By decision of the prosecutor, you can be presented to the court to be judged right after police custody. You can refuse to be judged right away, which has to be granted to you. It is a procedure sometimes used in the Meuse that leads to greater risks of going through prison.
• In most cases, it is best to refuse to be judged immediately because sentences in immediate trials are above average. If you refuse, your trial will take place 2 to 6 weeks later, which will allow you to prepare a defense. You then appear to the judge of freedom and detention (JLD in french), whom will decide of a potential judicial supervision or a pre-tial detention.
On certain procedures (notably Immediate Trial) you may have risks of judicial supervision or pre-trial detention. The judicial review is composed of obligations (attendance at the police station, etc.) and/or prohibitions (from territory, from contacting other people, etc.).

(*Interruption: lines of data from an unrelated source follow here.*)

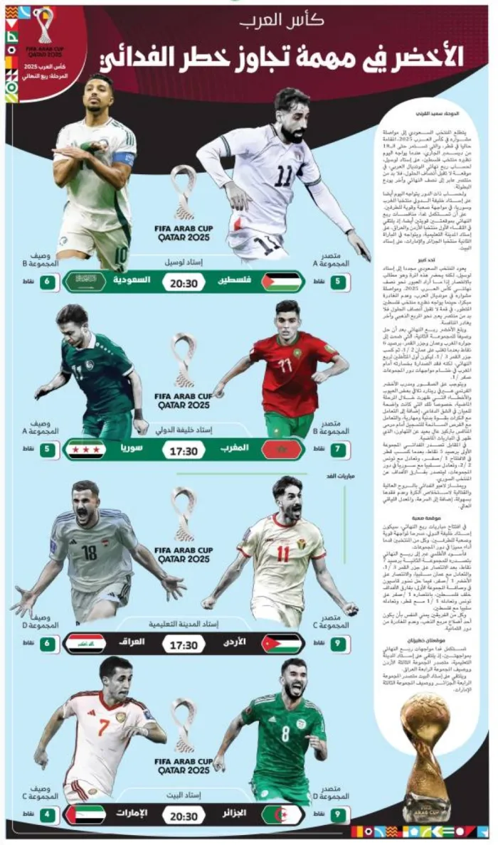 يعود المنتخب السعودي مجددا إلى إستاد لوسيل، لكنه يحضر هذه المرة وهو مطالب بالانتصار إذا ما أراد العبور نحو نصف نهائي كأس العرب 2025، ومواصلة مشواره في مونديال العرب، وعدم المغادرة مبكرا، حينما يواجه نظيره منتخب فلسطين المتطور، في قمة لا تقبل أنصاف الحلول فلا بد من منتصر يعبر نحو المربع الذهبي وآخر يغادر المنافسة.
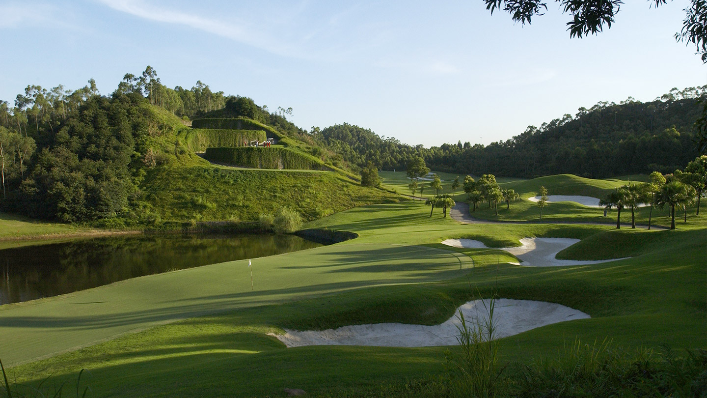 尾崎将司球场纵横于崇山峻岭之间,偌大的碧湖、慑人的瀑布、清澈的河流及别树一帜的石壁,构成一幅无可比拟的风景画。许多球道通过天然地势创造击球难度,尽现鬼斧神工,使球手常常在山穷水尽时,体验柳暗花明的喜悦。第9洞和第18洞果岭连为一体,前所未见;从第12洞果岭到13号发球台,需要穿过85米的隧道,有如走进世外桃源,令球手津津乐道。
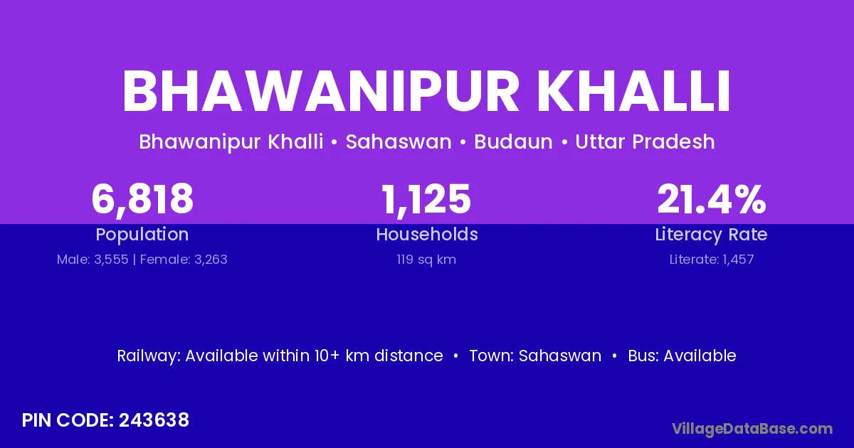 Bhawanipur Khalli village has a total population of 6,818 people, of which 3,555 are males and 3,263 are females.

Prosecutors, investigating judges or JLDs base their decisions on the documents you present to them to 1) prove your identity, 2) your domicile (contract or administrative document in your name and at an electricity, gaz or phone address, rent receipt, rental agreement, accommodation certificate…) and 3) of
your integration into society (employment contract, student card, promise of employment, associative activity, responsibility for children or people in a dependent situation) preferably who are less than 4 months old. These documents are called representation guarantees.
• It is useful to have thought in advance (at least before going to a demo or an action) about the documents you want to be able to present, and to give them to a trusted person (ideally not likely to be arrested at the same time as you) or on an online medium whose codes you can provide to the lawyer.

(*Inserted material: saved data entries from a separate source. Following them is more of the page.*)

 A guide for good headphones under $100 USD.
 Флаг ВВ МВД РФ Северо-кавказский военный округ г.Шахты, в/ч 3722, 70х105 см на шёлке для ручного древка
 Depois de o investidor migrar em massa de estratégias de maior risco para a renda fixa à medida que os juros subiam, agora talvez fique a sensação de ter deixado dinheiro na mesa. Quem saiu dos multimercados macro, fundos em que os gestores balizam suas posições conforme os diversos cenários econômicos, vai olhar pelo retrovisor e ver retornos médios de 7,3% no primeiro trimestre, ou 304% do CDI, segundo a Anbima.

• Any document signed by a third person (accommodation certificate, employment promise, consequent volunteer activities…) must be accompanied by a photocopy of an identity card and proof linking this
person to their home/association/company (electricity invoice, …). Some people choose not go give some of those documents because they describe which social situation you’re in and so encourage the justice system to make differences regarding social criterias.
In general, in Bure, we talk a lot about repression / surveillance. It is a climate that can be very fragilising or triggering in terms of paranoia, or various mental crises due to stress. Feel free to talk to someone about it, if you know that it can happen to you, especially if people know the signs of the beginning of a crisis or if you want to anticipate a collective response / support group (for example, fill out the zine « Navigation in troubled waters » and give it to a trusted person), knowing what is possible in which collective place…
– Comic book (short) : during police custody I have nothing to declare (on infokiosques.net)
– How to Defend Yourself during a Police Interrogation, on the interrogation techniques used (book version, and version to read on infokiosques.net)
– RAJCOL (for Collective Legal Self-Defense Network (legal team contact list + numerous anti-repression resources) : https://rajcollective.noblogs.org/materiaux-a-diffuser/
And do not forget the most important : during police custody, I’ve got NOTHING TO DECLARE, I don’t SIGN ANYTHING, I ask for the lawyer recommended by the Legal Team and when facing the judge, I ask for a delay !
If your experiences contradict things said in this document, it is either that we were mistaken, or that the cops or magistrates made a mistake which could be grounds for trying to invalidate the proceedings. Rights are obtained or maintained locally also through collective practices.